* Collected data
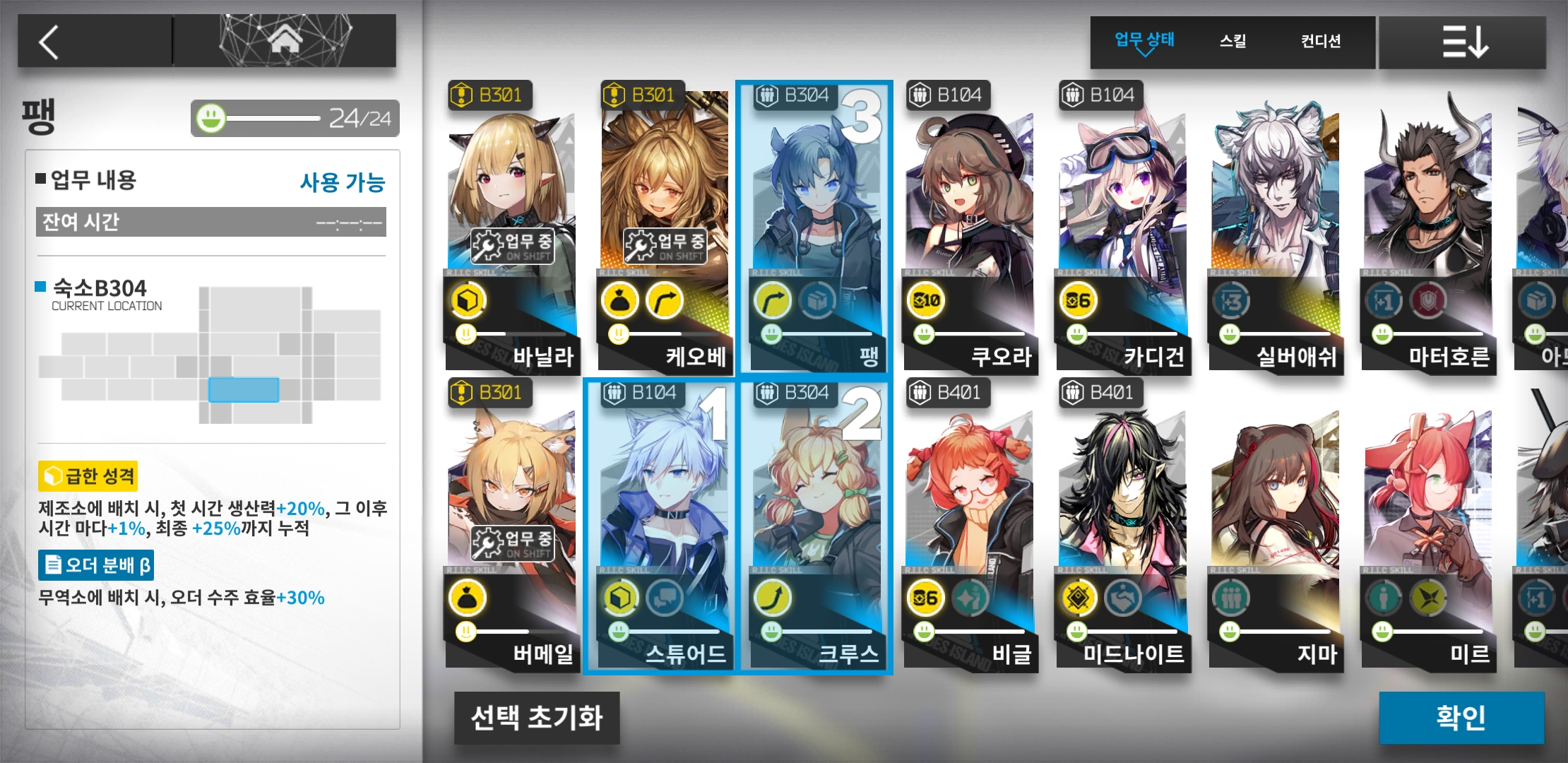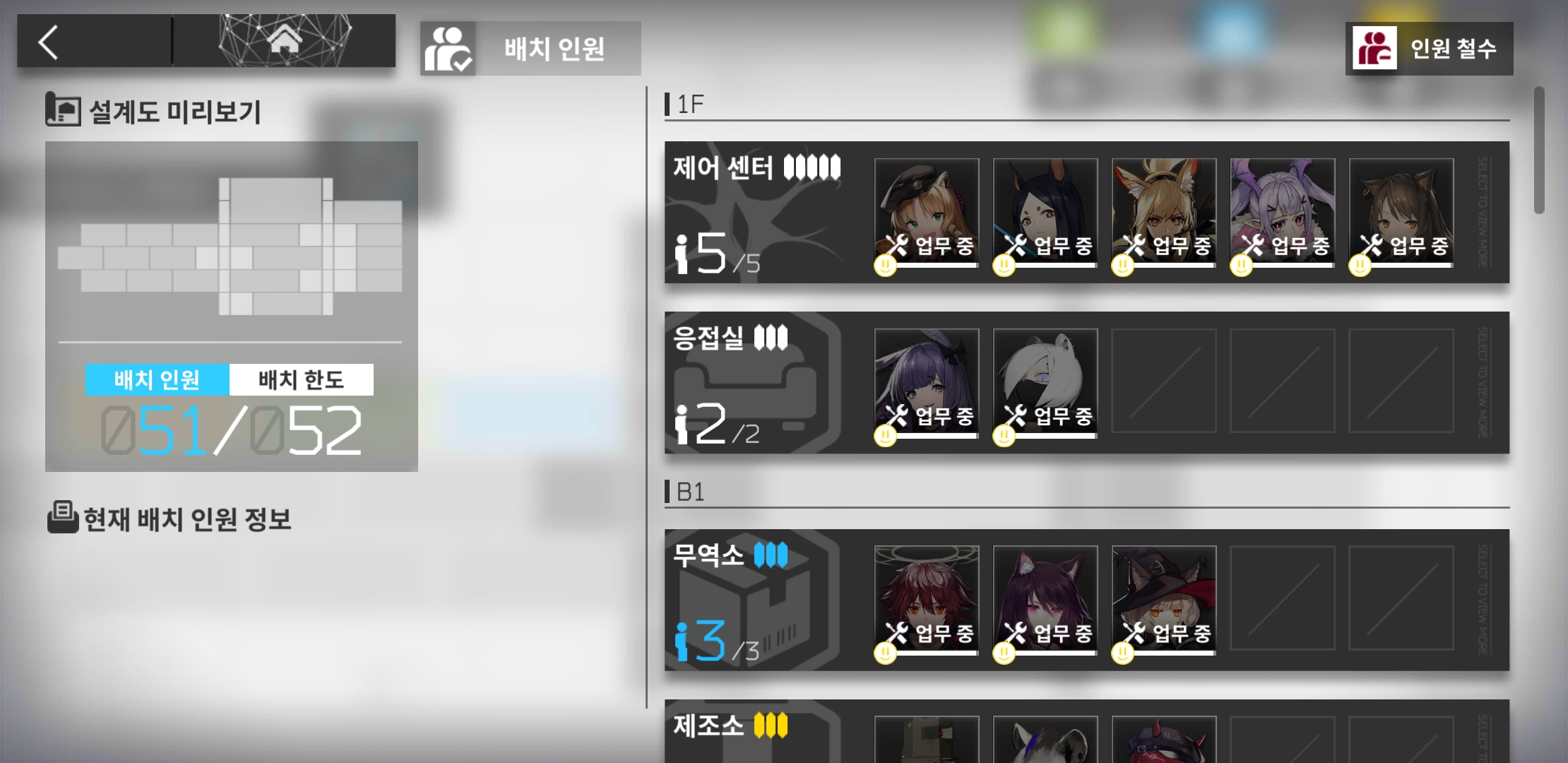 건물에 적합한 케릭터를 배치하여 효율을 높인다.
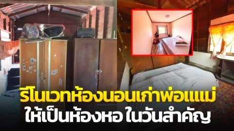 สาวแปลงโฉมห้องนอนเก่าพ่อแม่ ให้เป็นห้องหอ สีชมพูหวานแหวว
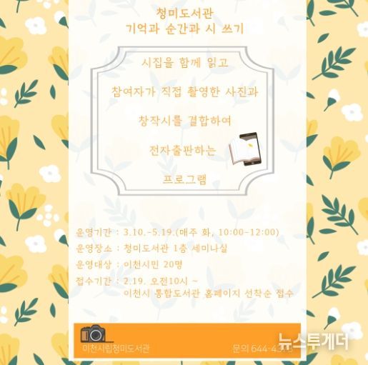 뉴스투게더 김인숙 기자 | 이천시 청미도서관은 시민들이 직접 찍은 사진으로 시를 쓰고 전자책을 출판하는 ‘기억과 순간과 시 쓰기’ 프로그램을 운영한다.
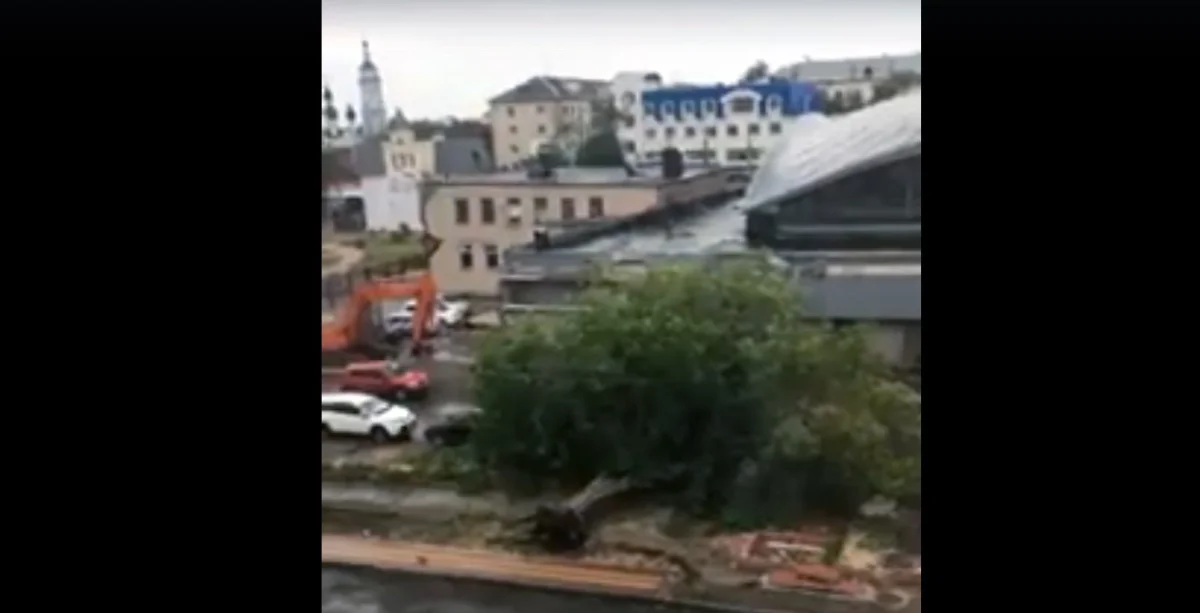 Вечером в пятницу, 8 июня, на улице Марата в Калуге рядом с куполом бывшего рынка упало дерево.
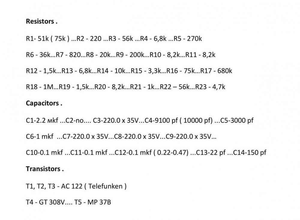 Собирал клон этой схемы для себя ( пару лет назад ) . С небольшими переделками - другие транзисторы ( АС-122 , ГТ-308 , МП-37 ) , изменил номиналы рокот-фильтра , и применил аккумуляторы для питания . Звук этой схемы очень хороший .
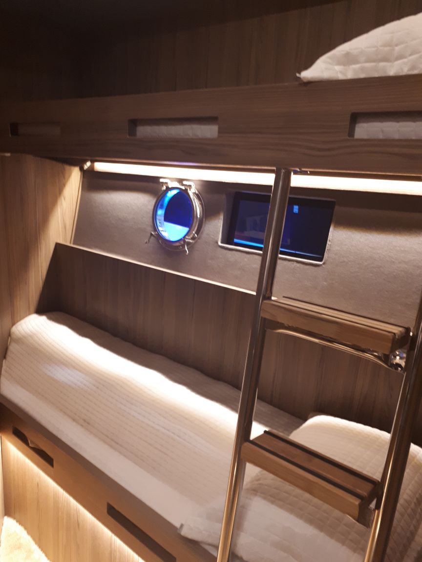 O estaleiro gaúcho Cimitarra está no São Paulo Boat Show 2017 com a lancha de 54 pés da sua nova linha. Com 16,50 metros de comprimento, o modelo conta com salão personalizável, duas suítes, camarote à meia-nau e sala multifuncional, além de acesso à cabine ampliado com o cockpit, como em todos os barcos da linha. O comando flutuante proporciona pé-direito duplo no convés inferior.
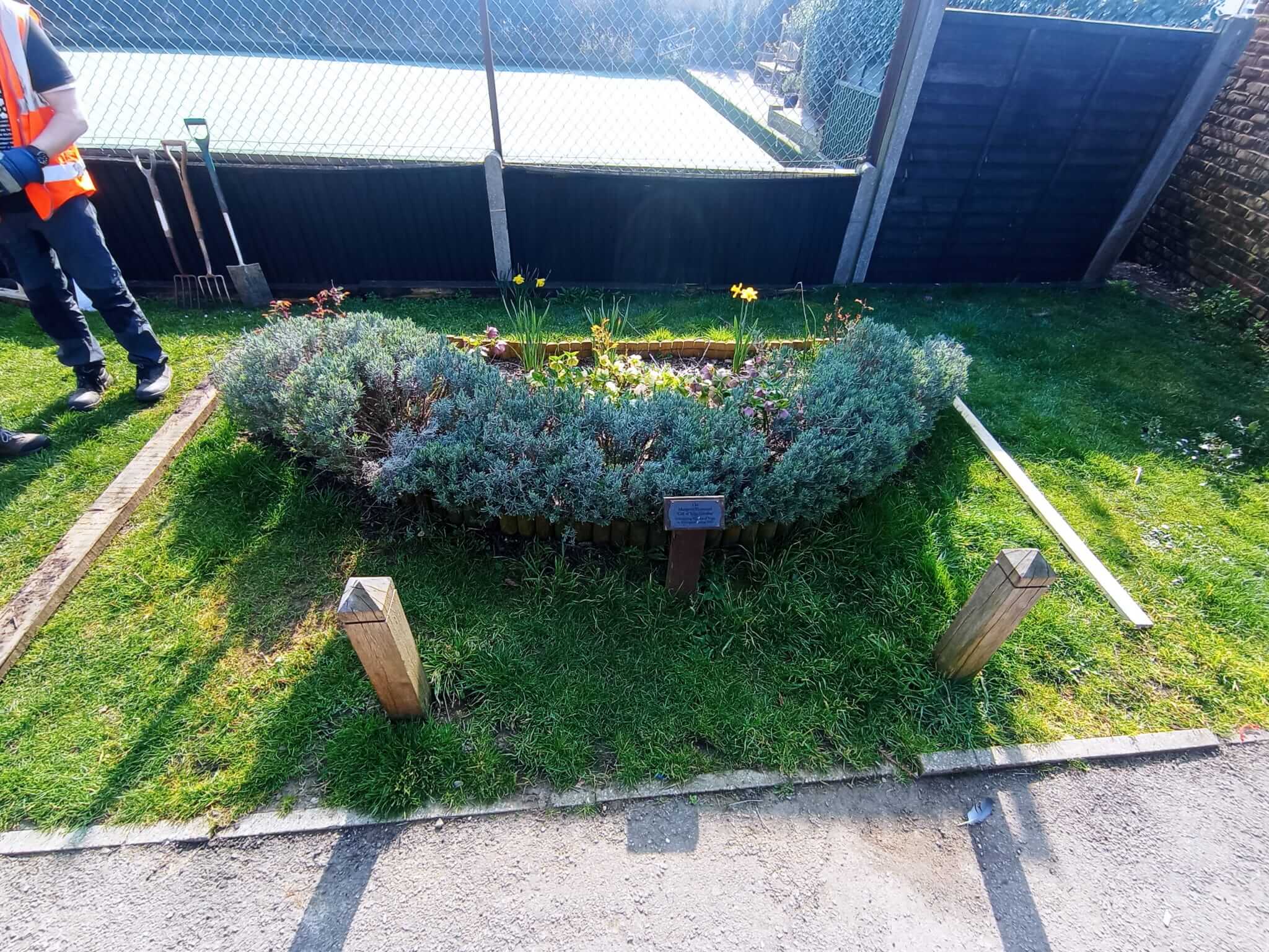 Bovingdon Parish Council wanted the flower bed outside the Memorial Hall to be extended so the team from the Activity Centre got to it this week. They removed the lavender and wooden trellis, which will be re-used for the new pathway as a planting border whilst the lavender will be planted in the orchard.
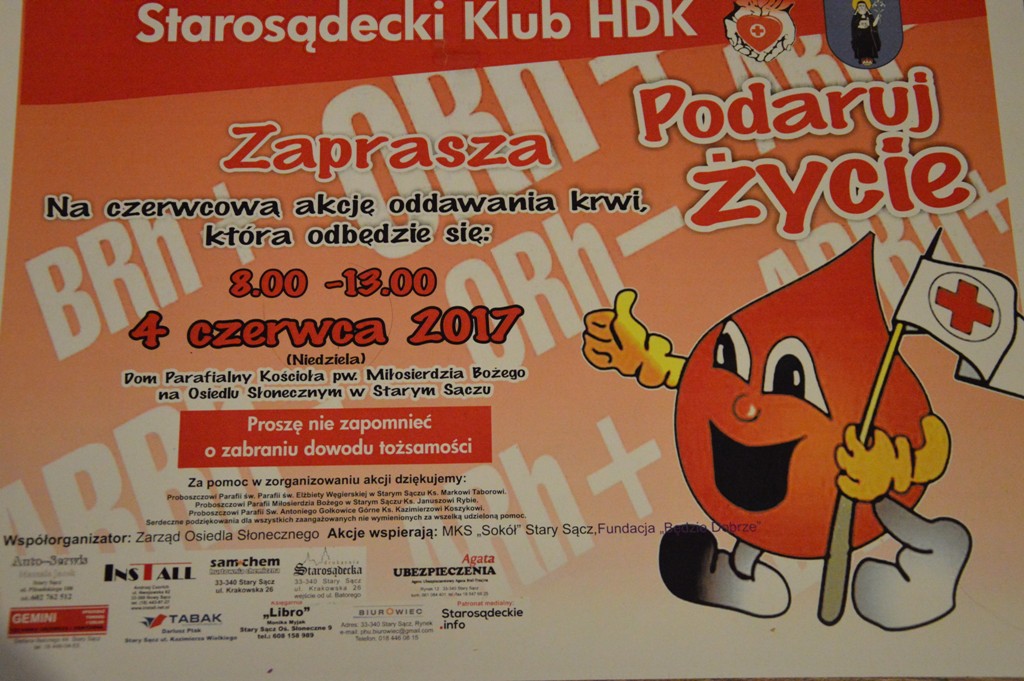 Już dzisiaj 4 czerwca (niedziela) Starosądecki Klub Honorowych Dawców Krwi PCK organizuje akcję oddawania krwi. W ten dzień każdy może podarować potrzebującym najcenniejszy prezent – kroplę życia. Aby oddać krew kandydat lub kandydatka musi spełniać ściśle określone warunki. Po pierwsze, ukończone 18 lat. Po drugie, dobry stan zdrowia i odpowiednia waga ciała. Całkowite przeciwwskazania mają osoby które chorowały […]
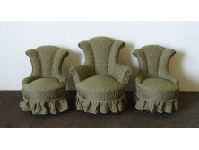 Régi 9 darabos habos kőris svartnis, gyönyörű cseresznyefa, komplett szalon garnitúra. Remek összhatású, felújított, újra kárpitozott ülő garnitúra, kiegészítőkkel. Felületük rugós, nagyon kényelmes. Gyönyörű, áttört díszes faragásokkal díszített sarokvitrin.
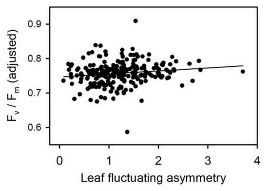 Relationship between the fluctuating asymmetry of a leaf and the maximum efficiency of its photosystem II (Fv/Fm), adjusted for the effects of species, site, measurement date and tree individuals (for the significance of the effect, consult Table 3).
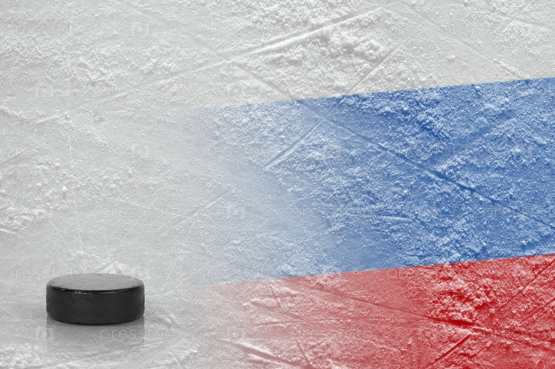 Хоккейная шайба и флаг России на льду
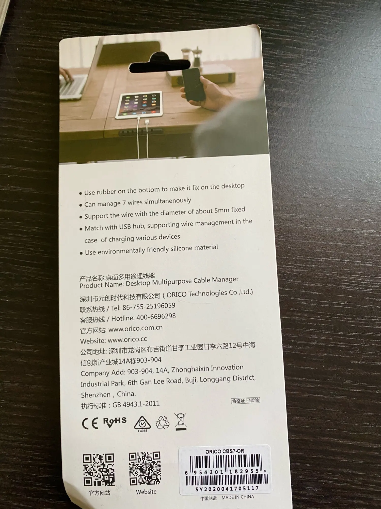 Доставка в течение трех недель с высланным сертификатом, согласно описанию, хороший продукт. Это от бренда Orico, и он очень хорошо работает, у меня есть один на столе, и через год все еще нормально, не снимая, очень хорошее решение для организации кабелей.

* Work instructions
Repeat the lines above exactly, beginning with the one containing "뉴스투게더 김인숙 기자" and finishing with the one containing "Вечером в пятницу, 8". No pictures belong in the copy.

* Exercise output
 뉴스투게더 김인숙 기자 | 이천시 청미도서관은 시민들이 직접 찍은 사진으로 시를 쓰고 전자책을 출판하는 ‘기억과 순간과 시 쓰기’ 프로그램을 운영한다.
 Вечером в пятницу, 8 июня, на улице Марата в Калуге рядом с куполом бывшего рынка упало дерево.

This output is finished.